- **Given data**
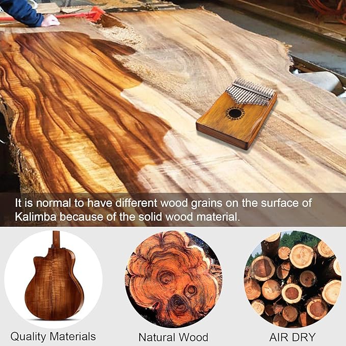 - Rigorous Raw Materials Selection: The Newlam 17 Keys Kalimba thumb piano is handcrafted with high-quality material and ore steel bars. Natural air-dried wood provides an ethereal timbre, which is a wonderful match with the natural wood grain.
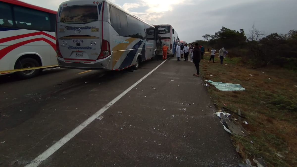Un aparatoso accidente ocurrido en la Troncal del Caribe cobró la vida de un hombre, identificado como Richard Manuel Cuadrado, mientras que Mauricio Cuadrado y Juan Francisco Ortega resultaron con lesiones después que un bus colisionara con la parte trasera de otro vehículo similar que estaba varado, al que los afectados empujaban.
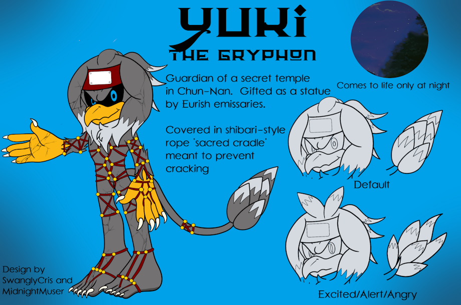 Gifted as a statue to a temple in Chun-Nan, it was unknown at the time that the strange gryphon was actually a gargoyle--a creature of the night, made immovable by daylight. While normally creatures of mischief, Yuki was moved by the temple caretakers in their respect for their land and temple, as well as his body, with how they want to save it from cracking further.
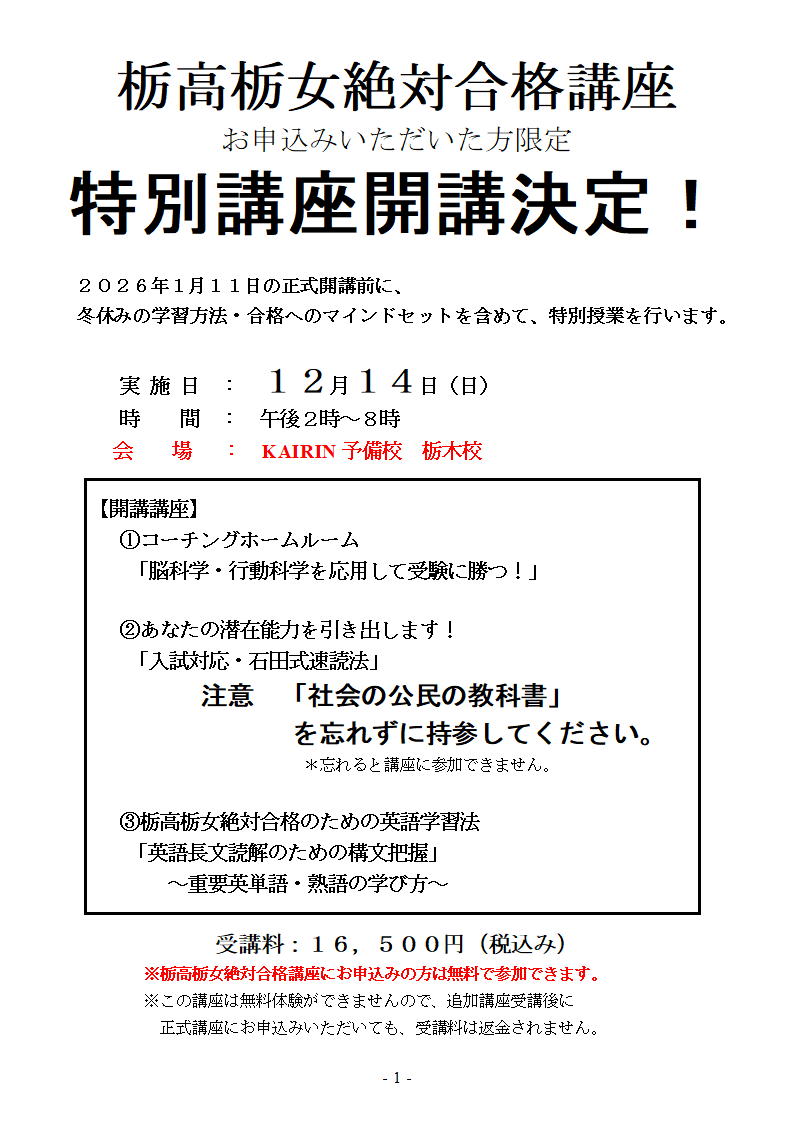 いよいよ授業のスタートです!受講の際にご持参いただくものは、ご入塾頂いた校舎よりご連絡いたします。
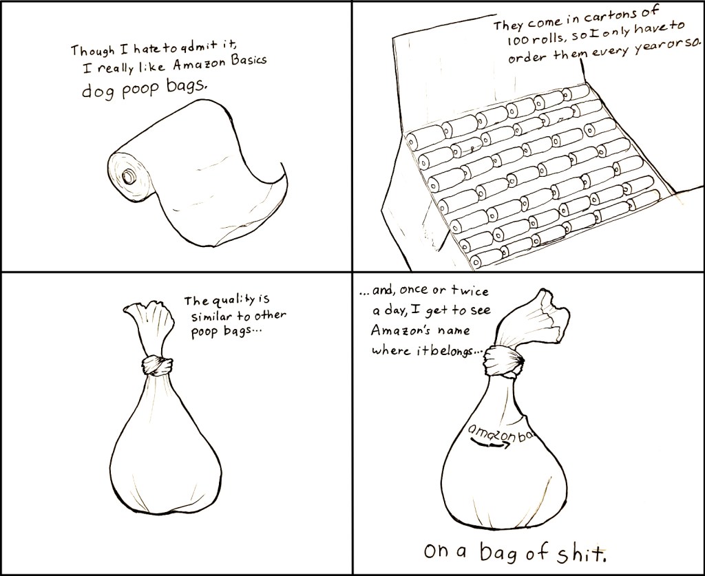 I don’t mean to hate on Amazon twice in a row. But, to be fair, they deserve it these days. Amazon used to provide a good service (despite the serious problems with worker treatment in fulfillment centres), but they’ve turned the way of all the tech giants, swinging their focus from customer service to shareholder returns. When they treat their workers better and start serving customers better (both merchant and consumer customers), I’ll happily draw a nice comic about them.
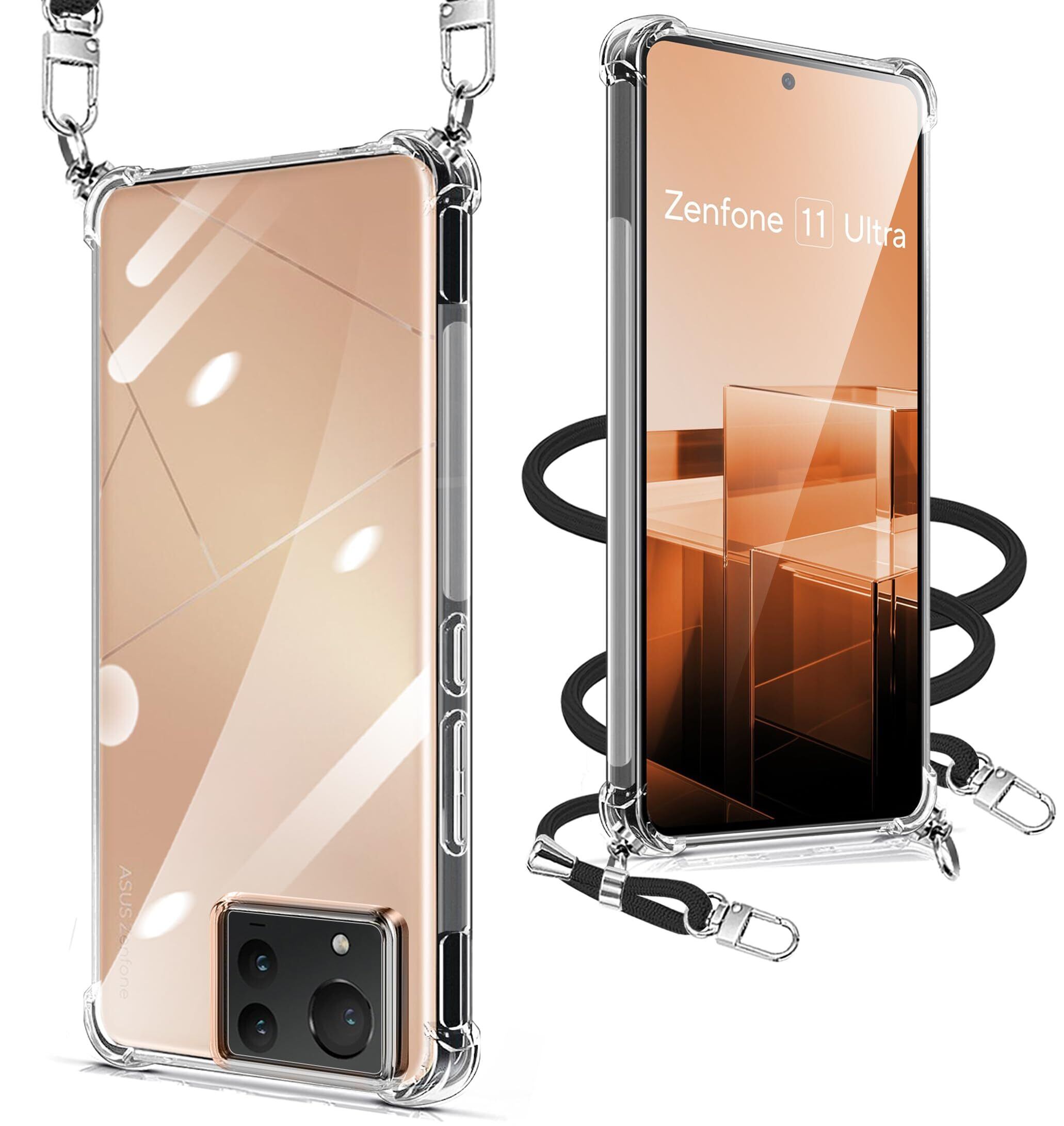 【特価商品】Zenfone 11 Ultra ケース クリア ショルダー ゼンフォン11 ウルトラ ケース 耐衝撃 全面保護 カバー ストラップ付き 調節可能 スマホケース 肩掛け 斜めかけ 縄掛けケース 紐付き 薄型 軽量 取り外し可能 落下防止【透明】
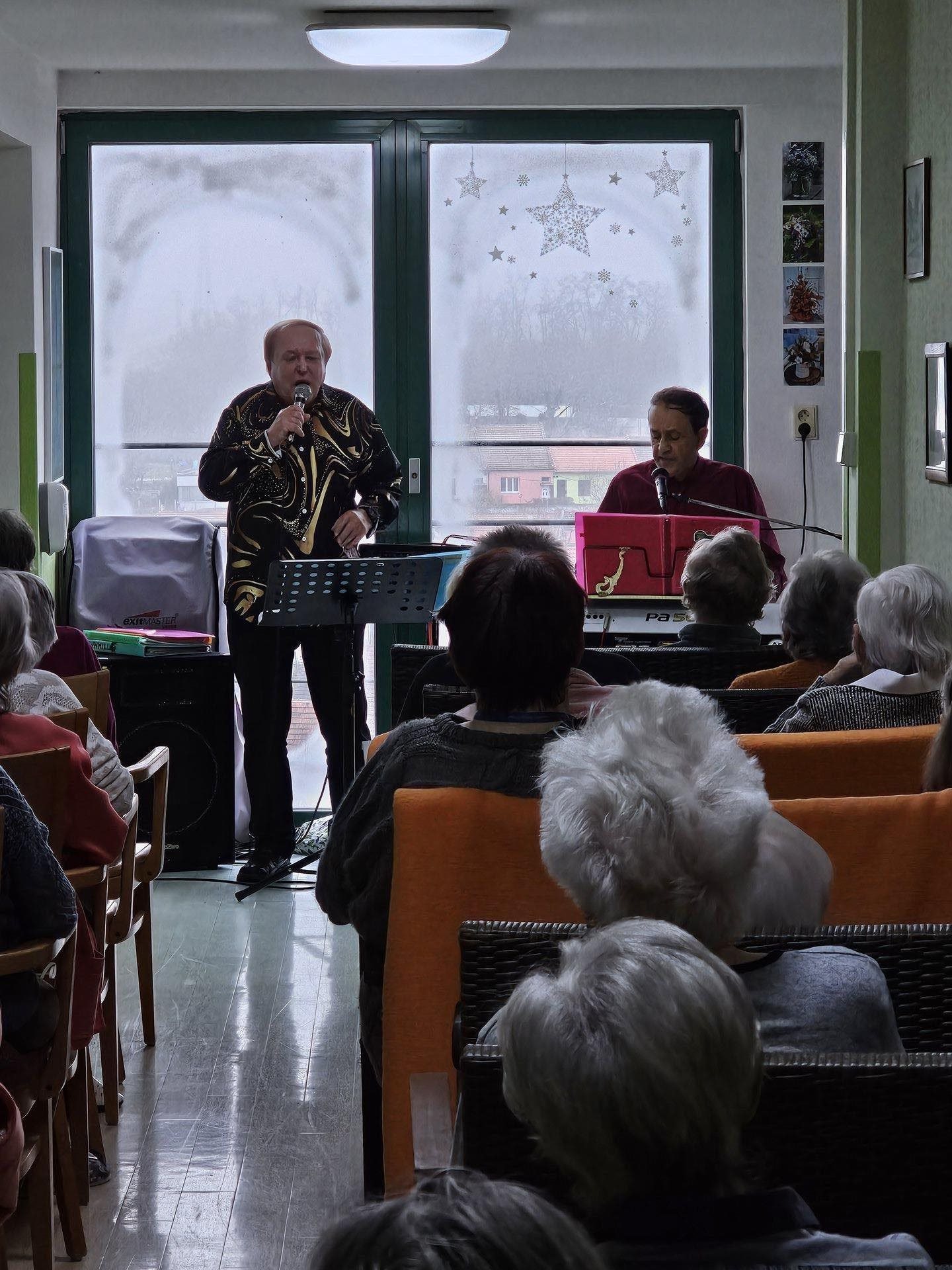 Dne 27.11.2024 nás navštívila skupina DUO HARMONY, která našim klientům zahrála známé melodie, u kterých si všichni s radostí zazpívali. Vzhledem k tomu, že se blíží první adventní neděle, zazněly i vánoční koledy.
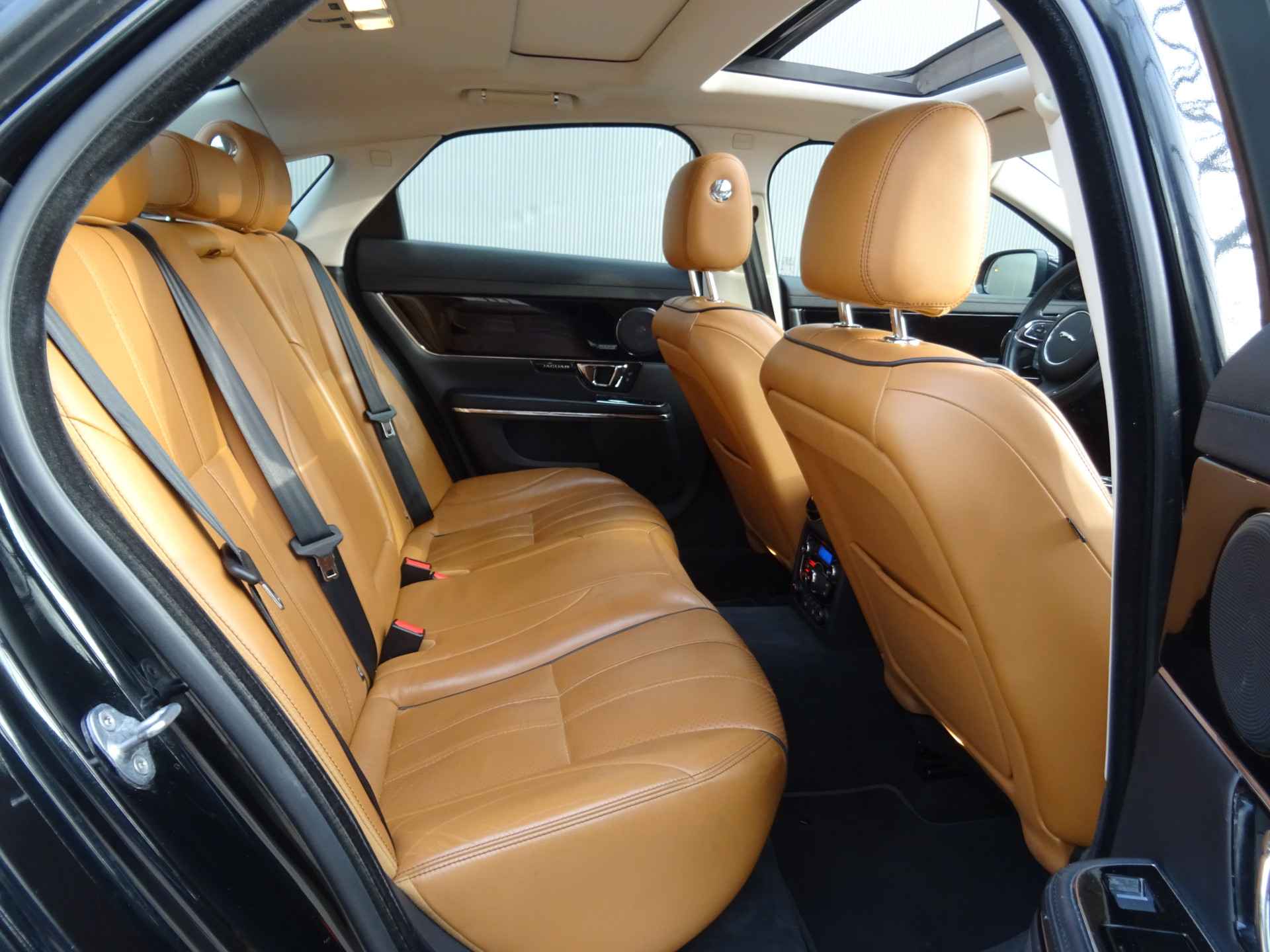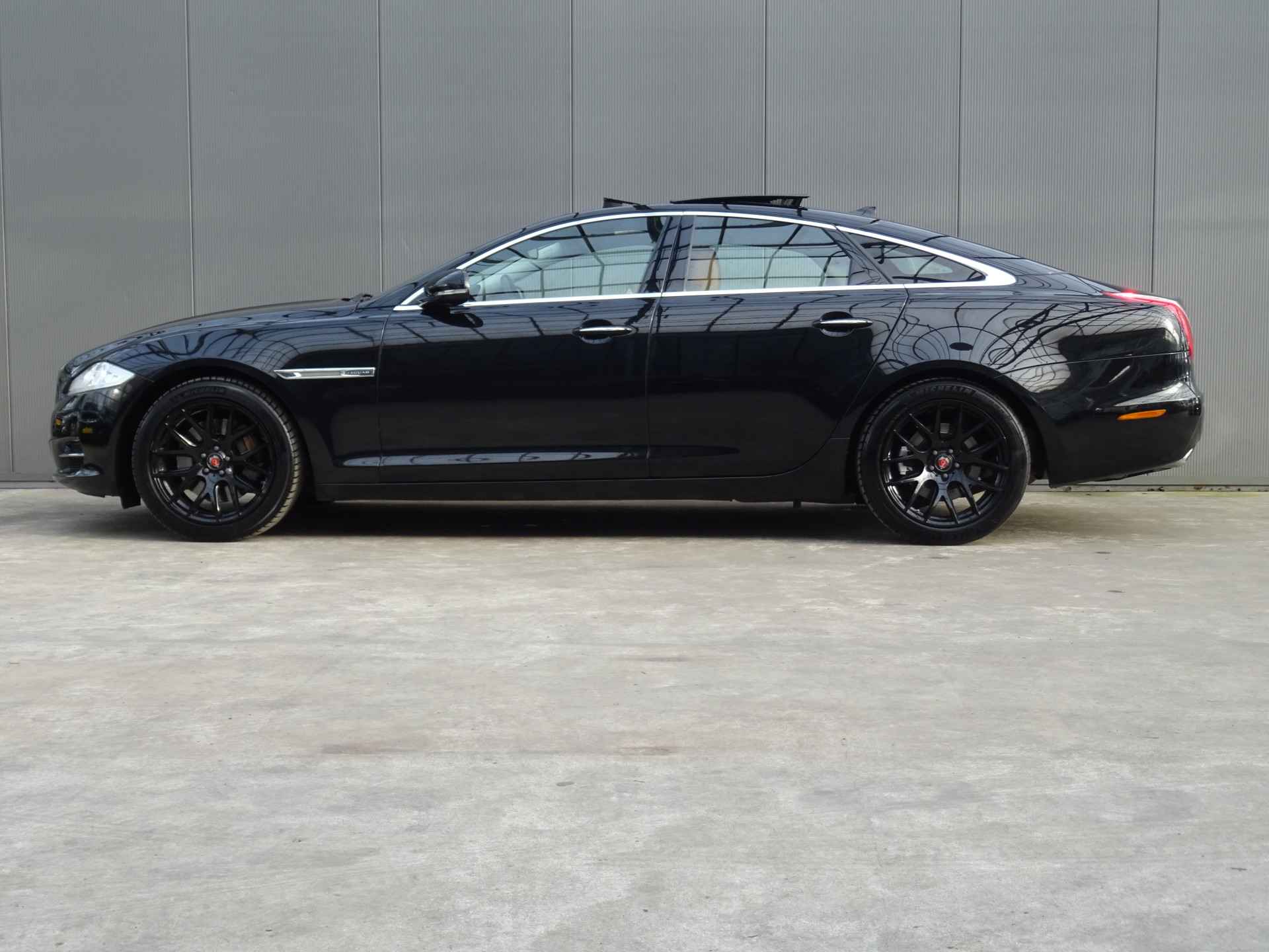 Bij de bouw van de Jaguar XJ wordt niets aan het toeval overgelaten. Vandaar dat hier een auto staat die in optimale conditie verkeert. De aandrijving van deze Jaguar wordt verzorgd door een 241 PK benzinemotor en een automatische transmissie. Basisuitvoering? Niks daarvan! Deze komt met lederen interieur, een elektrisch bediende glazen panorama dak en een elektrisch bedienbare achterklep. De verwarmbare en geventileerde voorstoelen met massage benadrukken nog maar eens dat we hier te maken hebben met een regelrechte verwenauto voor bestuurder en bijrijder. Ook de passagiers worden verwend, door de verwarmde en geventileerde achterbank. Xenonverlichting zorgt voor een heldere witblauwe lichtkleur en een scherp lichtbeeld. Bij de zeer complete uitrusting van deze auto behoren ook 19 inch lichtmetalen velgen met zgan Michelin banden en adaptief dempingsysteem.

- **Problem**
The listing above is to be set down word for word, without its images.

- **Task answer**
 - Rigorous Raw Materials Selection: The Newlam 17 Keys Kalimba thumb piano is handcrafted with high-quality material and ore steel bars. Natural air-dried wood provides an ethereal timbre, which is a wonderful match with the natural wood grain.
Un aparatoso accidente ocurrido en la Troncal del Caribe cobró la vida de un hombre, identificado como Richard Manuel Cuadrado, mientras que Mauricio Cuadrado y Juan Francisco Ortega resultaron con lesiones después que un bus colisionara con la parte trasera de otro vehículo similar que estaba varado, al que los afectados empujaban.
 Gifted as a statue to a temple in Chun-Nan, it was unknown at the time that the strange gryphon was actually a gargoyle--a creature of the night, made immovable by daylight. While normally creatures of mischief, Yuki was moved by the temple caretakers in their respect for their land and temple, as well as his body, with how they want to save it from cracking further.
 いよいよ授業のスタートです!受講の際にご持参いただくものは、ご入塾頂いた校舎よりご連絡いたします。
 I don’t mean to hate on Amazon twice in a row. But, to be fair, they deserve it these days. Amazon used to provide a good service (despite the serious problems with worker treatment in fulfillment centres), but they’ve turned the way of all the tech giants, swinging their focus from customer service to shareholder returns. When they treat their workers better and start serving customers better (both merchant and consumer customers), I’ll happily draw a nice comic about them.
 【特価商品】Zenfone 11 Ultra ケース クリア ショルダー ゼンフォン11 ウルトラ ケース 耐衝撃 全面保護 カバー ストラップ付き 調節可能 スマホケース 肩掛け 斜めかけ 縄掛けケース 紐付き 薄型 軽量 取り外し可能 落下防止【透明】
 Dne 27.11.2024 nás navštívila skupina DUO HARMONY, která našim klientům zahrála známé melodie, u kterých si všichni s radostí zazpívali. Vzhledem k tomu, že se blíží první adventní neděle, zazněly i vánoční koledy.
 Bij de bouw van de Jaguar XJ wordt niets aan het toeval overgelaten. Vandaar dat hier een auto staat die in optimale conditie verkeert. De aandrijving van deze Jaguar wordt verzorgd door een 241 PK benzinemotor en een automatische transmissie. Basisuitvoering? Niks daarvan! Deze komt met lederen interieur, een elektrisch bediende glazen panorama dak en een elektrisch bedienbare achterklep. De verwarmbare en geventileerde voorstoelen met massage benadrukken nog maar eens dat we hier te maken hebben met een regelrechte verwenauto voor bestuurder en bijrijder. Ook de passagiers worden verwend, door de verwarmde en geventileerde achterbank. Xenonverlichting zorgt voor een heldere witblauwe lichtkleur en een scherp lichtbeeld. Bij de zeer complete uitrusting van deze auto behoren ook 19 inch lichtmetalen velgen met zgan Michelin banden en adaptief dempingsysteem.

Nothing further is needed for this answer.